WORK ITEM
Omit the pictures, then reproduce every remaining record exactly.

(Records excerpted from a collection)

....

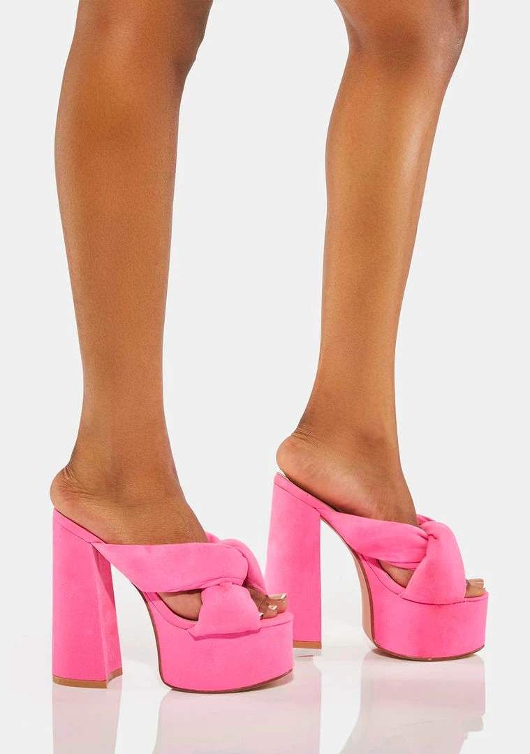 you look good enough to eat! These heels have a vegan suede construction, crisscross strap uppers with peep toes, platform soles, and block heels.
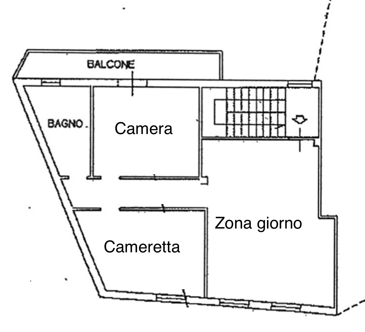 L’immobile, ubicato al secondo ed ultimo piano (senza ascensore), si compone di soggiorno ampio con cucina a vista, camino funzionante, corridoio di disimpegno, camera matrimoniale, cameretta, bagno finestrato, rcon box doccia e balcone.
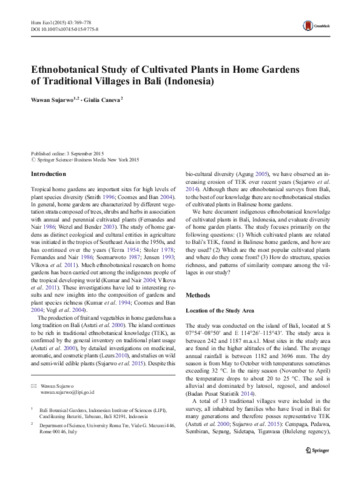 Wawan, Sujarwo and Giulia, Caneva (2015) Ethnobotanical study of cultivated plants in home gardens of traditional villages in Bali (Indonesia). Human Ecology, 43. pp. 769-778. ISSN 15729915
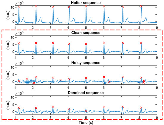 An example of the Holter sequence, corresponding clean armband sequence, a typical noisy armband sequence, and denoised signal after applying the proposed algorithm. R-peaks detected with the Pan and Tompkins algorithm are presented as red ‘x’ signs.
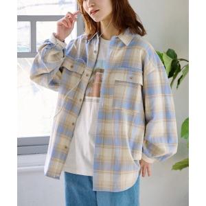 シャツ 「ユニセックス」パナマ織り/袖配色/チェックシャツジャケット メンズ レディース
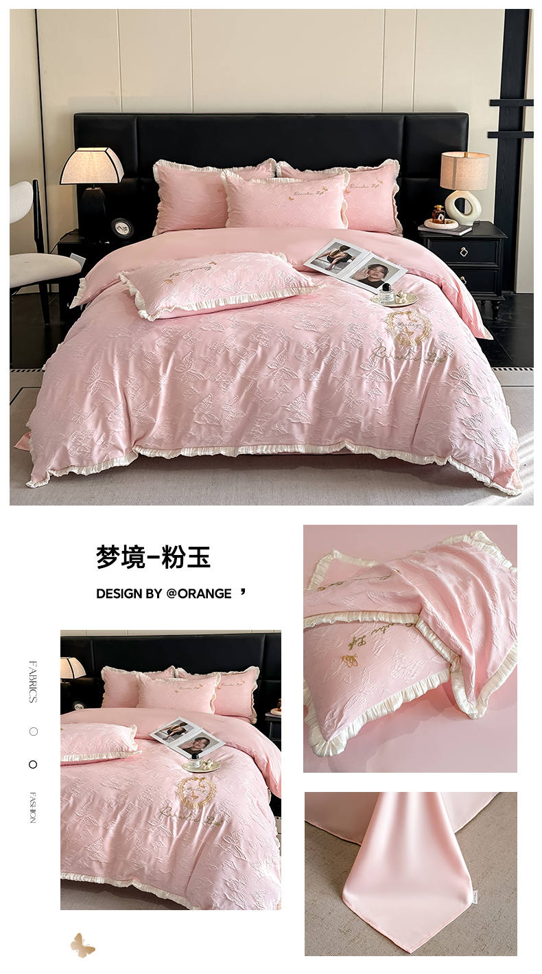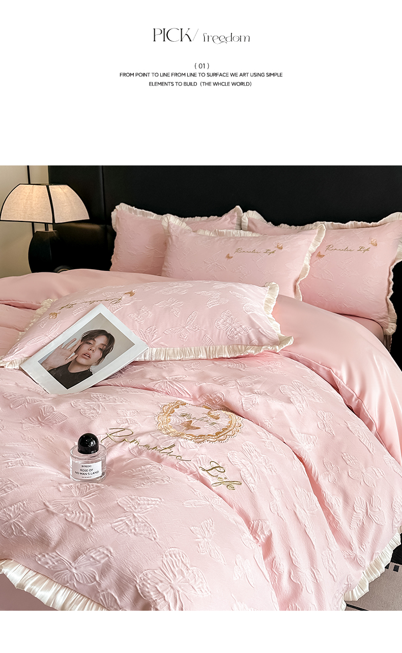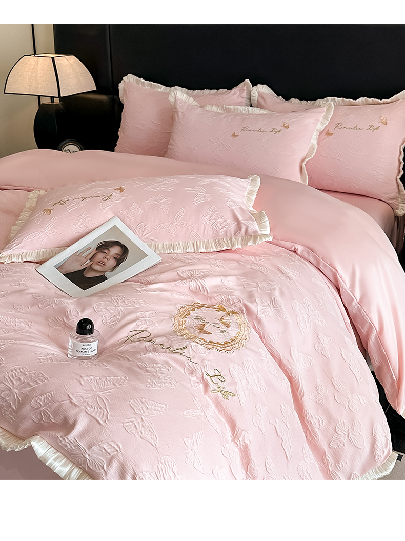 当前位置: 91家纺网 > 商品网购 > 床品套件 > 四件套 > 水洗真丝四件套 > 宇航家纺 2026新款浮雕花边水洗真丝四件套-梦境 梦境-天蓝

....

SOLUTION TO THE PROBLEM
 you look good enough to eat! These heels have a vegan suede construction, crisscross strap uppers with peep toes, platform soles, and block heels.
 L’immobile, ubicato al secondo ed ultimo piano (senza ascensore), si compone di soggiorno ampio con cucina a vista, camino funzionante, corridoio di disimpegno, camera matrimoniale, cameretta, bagno finestrato, rcon box doccia e balcone.
 Wawan, Sujarwo and Giulia, Caneva (2015) Ethnobotanical study of cultivated plants in home gardens of traditional villages in Bali (Indonesia). Human Ecology, 43. pp. 769-778. ISSN 15729915
 An example of the Holter sequence, corresponding clean armband sequence, a typical noisy armband sequence, and denoised signal after applying the proposed algorithm. R-peaks detected with the Pan and Tompkins algorithm are presented as red ‘x’ signs.
 シャツ 「ユニセックス」パナマ織り/袖配色/チェックシャツジャケット メンズ レディース
 当前位置: 91家纺网 > 商品网购 > 床品套件 > 四件套 > 水洗真丝四件套 > 宇航家纺 2026新款浮雕花边水洗真丝四件套-梦境 梦境-天蓝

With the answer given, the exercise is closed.